The PR said that the synth pop pioneers would reunite for one last time at the o2 in London in 2018 - in their first UK show for 15 years.

It appears to be a big fib.

Because tonight  in another o2, this time in Glasgow, there was a big live return to celebrate the 40th anniversary of their seminal debut album Non-Stop Erotic Cabaret.

But before the retro goodies, and with 25 million sales, six UK Top 10 singles and a BRIT Award to their name, there was still another album to sell.

Because after people shed blood to get tickets to see the final hoorah in London three years ago, Marc Almond and Dave Ball were plotting a first album in two decades.

Happiness Not Included, and Almond nearly forgot its name tonight, is unleashed in February, next year.
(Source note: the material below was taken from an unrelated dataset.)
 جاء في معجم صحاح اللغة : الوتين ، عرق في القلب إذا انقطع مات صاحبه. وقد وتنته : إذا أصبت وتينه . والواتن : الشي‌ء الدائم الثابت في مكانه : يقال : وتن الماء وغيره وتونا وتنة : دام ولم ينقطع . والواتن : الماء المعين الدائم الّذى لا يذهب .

What wasn't forgotten is that thumping black electro married to Almond's striking vocal balance between night and day, hope and despair, the intimate and the international. All of which reflected his all-black appearance, sometimes with dark sunglasses - at other times bright eyed and bushy tailed.
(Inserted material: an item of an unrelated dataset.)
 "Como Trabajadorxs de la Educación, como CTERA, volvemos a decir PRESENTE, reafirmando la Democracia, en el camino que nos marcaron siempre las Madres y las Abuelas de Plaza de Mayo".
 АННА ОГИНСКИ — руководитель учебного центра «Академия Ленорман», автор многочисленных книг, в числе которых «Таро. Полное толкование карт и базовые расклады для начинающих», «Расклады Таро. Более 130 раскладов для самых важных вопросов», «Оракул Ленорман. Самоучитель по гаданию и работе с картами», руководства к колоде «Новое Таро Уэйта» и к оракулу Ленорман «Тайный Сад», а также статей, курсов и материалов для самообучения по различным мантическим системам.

In a tale of two halves, the duo, who are now both comfortably in their 60s, teased with an exuberant take on their 80s chart hit Torch to open proceedings.

The biggest compliment you can pay to new songs like Bruises On My Illusions and Heart Like Chernobyl is that they sonically fit with their classics, no doubt helped by Ball's consistently psychedelic Korg wizardry.

The Herald:

Almond's dark poetry steeped in melodrama is born from an unsettled childhood and leaving school at 17 with few qualifications.

But it was at art college that he developed his style of mixing experimental performance and cabaret pop with music and film studies.

Tonight that collage was brought even more into focus with wild and bizarre footage that accompanied chilling songs like the psychopathic and haunting Martin which concluded the first act.

Of course the audience, part masked, part not, part socially distanced, part not, were saving their feather boa fervour for the classics.

And not just the predictable explosion for Tainted Love.

The euphoric Sex Dwarf with its seedily uncomfortable "luring disco dollies to a life of vice" hook - which probably wouldn't be allowed now - revealed itself as a potential contender for first ever trance tune and got the biggest reception of the night.

Well almost.

That honour goes to Say Hello Wave Goodbye, the third single off the album, that limped to number 3 in the charts in 1982 and took the roof off. It confirmed that it might just be the greatest five-and-a-half minutes devoted to 'love em and leave em' there has been.

Almond's break up stance here is far more empowered, with all the devil-may-care theatre of 70s divas such as  Shirley Bassey or Dorothy Squires  and quite a contrast to our own modern day Lewis Capaldi who has made a career out of pathetic 'lost in love' despair. Both are, of course, entirely relevant.

Before their debut single, the kaleidoscopic Memorabilia finished act two and everyone went home, there was at last an admission.

Almond said: "Three years ago, we didn't think we would do this again, but here we are."